Microsoft Launches AI Agent Management Platform as Companies Build Commerce Systems
Microsoft released Agent 365 to help enterprises manage AI agents, while American Express develops payment systems for AI-driven transactions.

Microsoft has moved its Agent 365 platform out of preview and into general availability, providing enterprise customers with tools to monitor and control AI agents operating across their networks. The platform addresses what Microsoft calls "shadow AI" - autonomous software tools that employees install on devices without IT oversight.
David Weston, Microsoft's Corporate Vice President of AI Security, said the company is observing three categories of security incidents involving AI agents in enterprise environments: developers inadvertently exposing sensitive systems when connecting agents to backends, attackers using cross-prompt injection techniques to manipulate agent behavior, and agents accessing data through systems not designed for autonomous access patterns.

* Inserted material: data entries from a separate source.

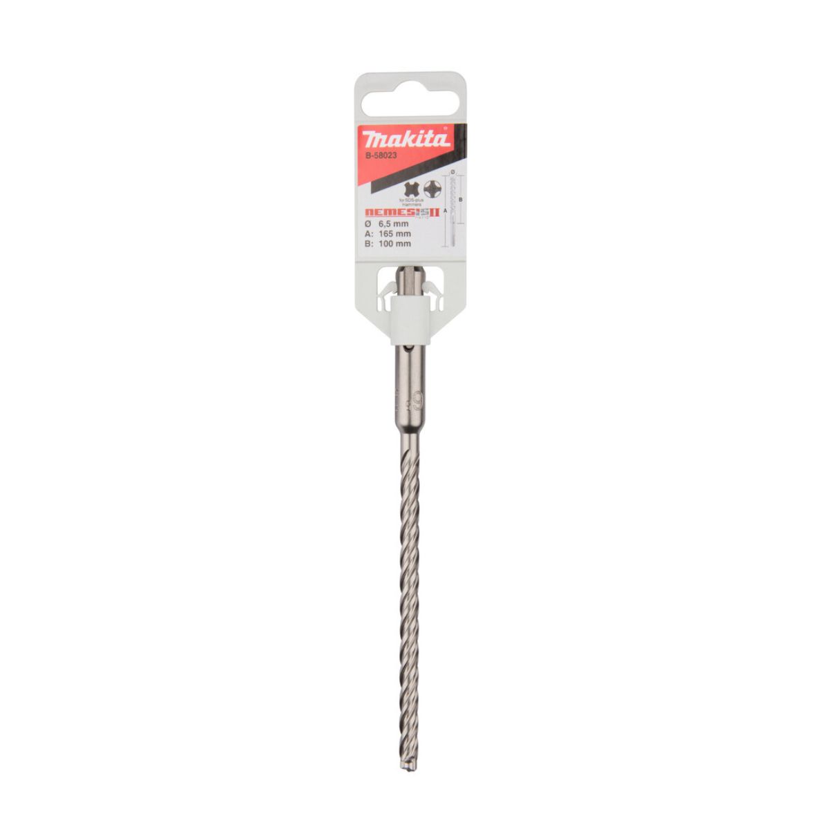 Свредло за бетон Nemesis || Makita B-58023 е част от серията свредла с SDS-plus опашка Nemesis, които преодоляват проблемите при пробиването в бетон със стоманена армировка. С тези свредла няма риск от счупване на пластината, а пробиването става с лекота. Те са първокласни свредла, предназначени за всеки, който се нуждае от пробиване в армиран бетон или естествен камък. Уникалната геометрия на главата с 4 режещи зъба на свредлото гарантира прецизност при направата на отвори. Серията Nemesis осигурява до 50% повече пробити отвори в сравнение с обикновените ударни свредла.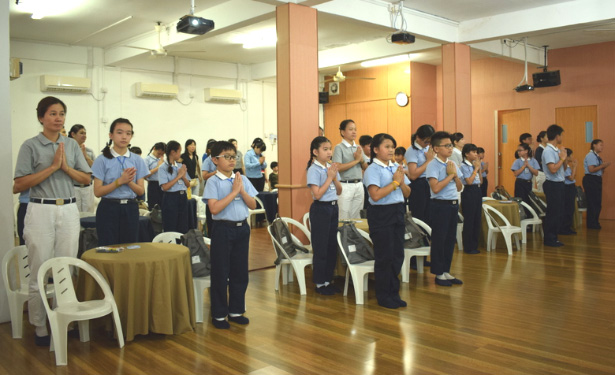 Sebelum memulai kegiatan, para peserta kelas budi pekerti memberikan penghormatan kepada Master Cheng Yen.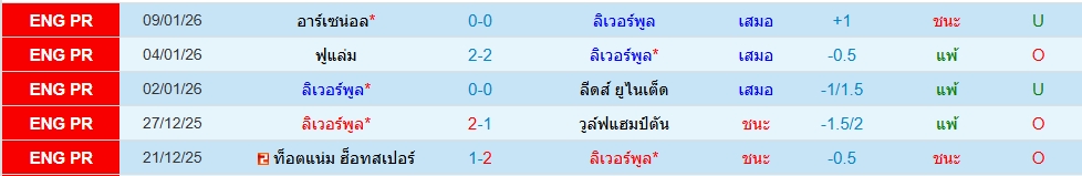 สถิติ 5 นัดหลังสุดของทั้ง 2 ทีม

Agent 365 functions as a centralized registry that provides IT administrators visibility into AI agents running across Microsoft's ecosystem as well as third-party platforms including AWS Bedrock and Google Cloud. The platform costs $15 per user per month and can discover locally-installed AI tools on Windows devices, starting with OpenClaw agents. Microsoft plans to expand detection to 18 different agent types by June 2026.

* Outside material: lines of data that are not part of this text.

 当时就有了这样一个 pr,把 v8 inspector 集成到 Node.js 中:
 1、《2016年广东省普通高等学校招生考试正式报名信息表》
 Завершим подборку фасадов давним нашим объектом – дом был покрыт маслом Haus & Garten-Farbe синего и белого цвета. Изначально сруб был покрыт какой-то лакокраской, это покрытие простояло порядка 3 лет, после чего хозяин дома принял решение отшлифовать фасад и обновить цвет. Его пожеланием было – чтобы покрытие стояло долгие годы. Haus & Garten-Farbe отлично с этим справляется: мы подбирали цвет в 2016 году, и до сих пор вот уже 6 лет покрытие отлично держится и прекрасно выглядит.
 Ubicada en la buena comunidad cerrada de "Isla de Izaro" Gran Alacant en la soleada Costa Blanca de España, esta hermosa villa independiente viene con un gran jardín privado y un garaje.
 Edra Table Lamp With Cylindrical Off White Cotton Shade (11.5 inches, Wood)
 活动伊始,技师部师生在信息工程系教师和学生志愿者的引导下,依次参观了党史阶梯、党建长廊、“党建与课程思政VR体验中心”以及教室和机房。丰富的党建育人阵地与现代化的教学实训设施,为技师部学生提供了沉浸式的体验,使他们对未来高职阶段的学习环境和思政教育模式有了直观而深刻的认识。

Meanwhile, American Express is developing its own infrastructure for AI-driven commerce through the Agentic Commerce Experiences (ACE) developer kit. The system allows AI agents to shop and make payments on behalf of users within Amex's closed-loop network, where the company serves as both card issuer and payment processor. Luke Gebb, Amex's EVP and global head of innovation, said the company believes trust and security controls are critical for advancing autonomous commerce.
The ACE kit includes agent registration systems, account enablement features, and what Amex calls "intent contracts" that define user authorization boundaries. When agents complete transactions, they use single-use tokens with built-in spending limits based on user-defined constraints. However, Amex has not disclosed the technical details of how it validates agent transactions.

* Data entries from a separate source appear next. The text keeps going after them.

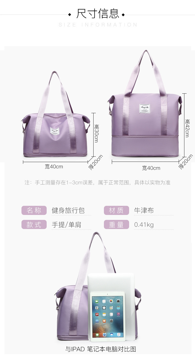 Women's Large-Capacity Short-Distance Travel Bag, Lightweight Handbag, Boarding Luggage Bag, Sports Yoga Fitness Bag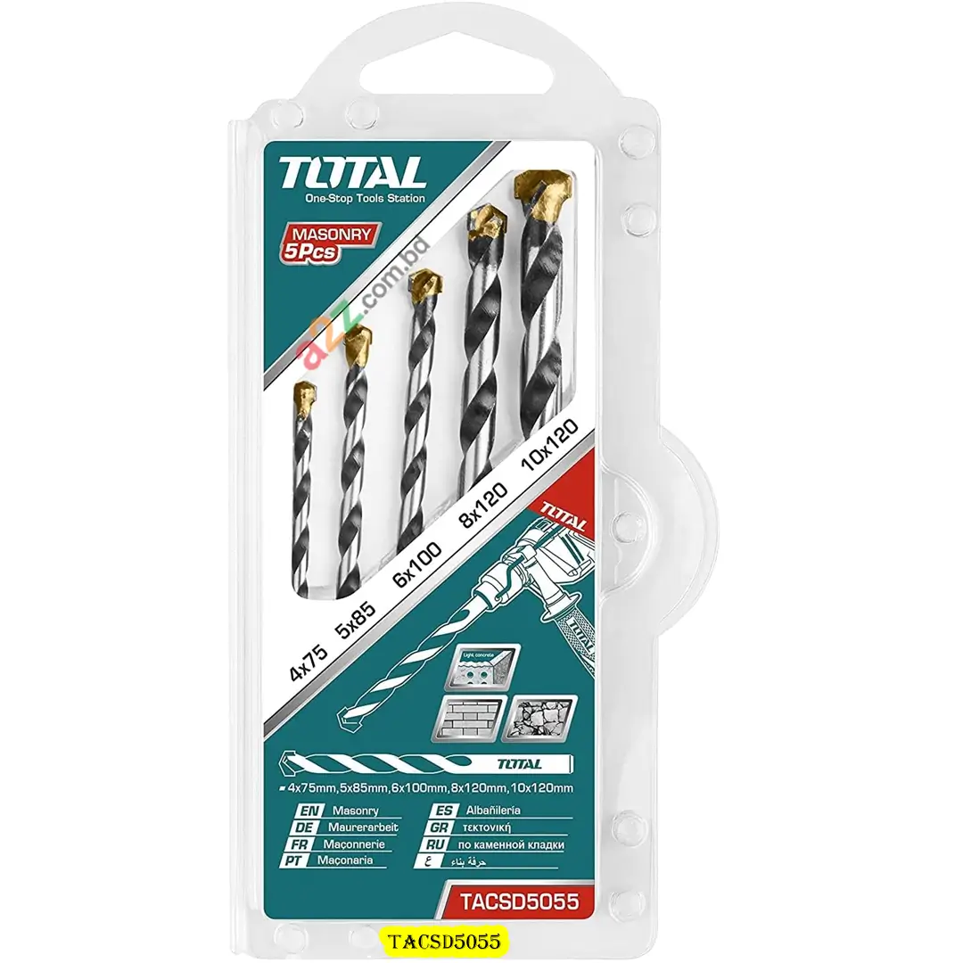 TACSD5055 হলো 5 পিসের উচ্চমানের Masonry Drill Bits Set, যা কংক্রিট, পাথর, ইট, ব্লক এবং কঠিন নির্মাণ সামগ্রীতে ড্রিল করার জন্য বিশেষভাবে ডিজাইন করা। শক্তিশালী কার্বাইড টিপ এবং টেকসই স্টিল বডি বিটগুলোকে দীর্ঘস্থায়ী ও হেভি-ডিউটি ব্যবহারের উপযোগী করে।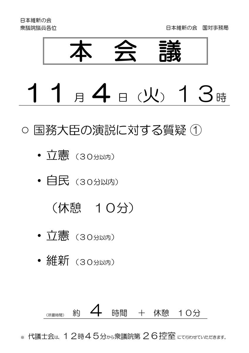 11月4日(月) 所属衆議院議員の登壇予定です。 ◇藤田文武 共同代表 【衆議院本会議】 (質疑予定時間) 16:10~16:40 (内容) 国務大臣の演説に対する質疑 (中継) NHK総合テレビ、NHKラジオ第一、shugiintv.go.jp/jp/index.php #日本再起 #代表質問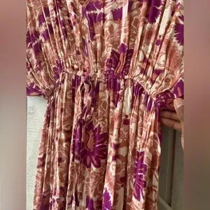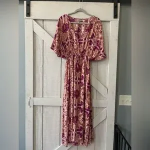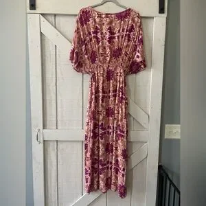 Elegant floral maxi dress featuring vibrant pink and purple hues. Perfect for any occasion.

Separately, vector database company Pinecone announced Nexus, a knowledge engine designed specifically for AI agents rather than traditional retrieval systems. The company claims its approach reduces token consumption by moving reasoning work from query time to a compilation stage that pre-processes enterprise data into task-specific knowledge artifacts. Pinecone CEO Ash Ashutosh said conventional retrieval-augmented generation (RAG) systems were built for human users and don't meet the needs of autonomous agents.